### MATERIAL PROVIDED

----

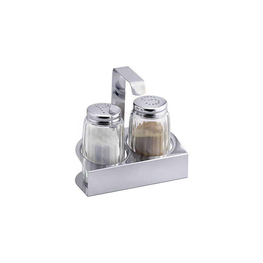 Menážka pozostávajúca z podstavca vyrobeného z leštenej nehrdzavejúcej ocele, soľničky a koreničky vyrobených z hrubého skla.Dodatočné parametre
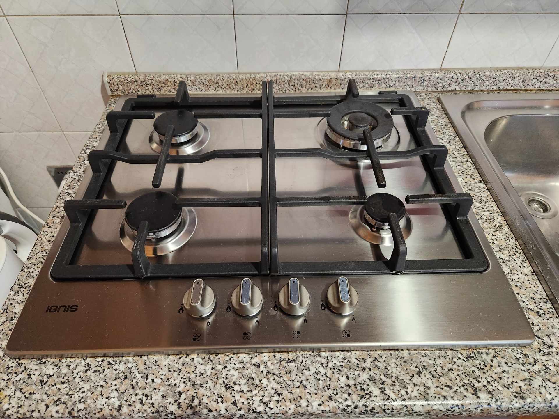 - Kitchen with four valved gas burners
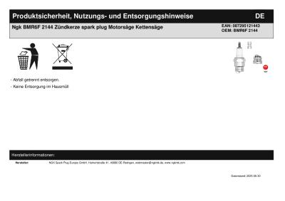 Titel: | Ngk BMR6F 2144 Zündkerze spark plug Motorsäge Kettensäge |

----

### EXERCISE DIRECTIONS
Pictures stay out; reproduce exactly the lines from the one containing "- Kitchen with four valved gas burners" through the last line of the listing, both included.

### ANSWER TO THIS EXERCISE
 - Kitchen with four valved gas burners
 Titel: | Ngk BMR6F 2144 Zündkerze spark plug Motorsäge Kettensäge |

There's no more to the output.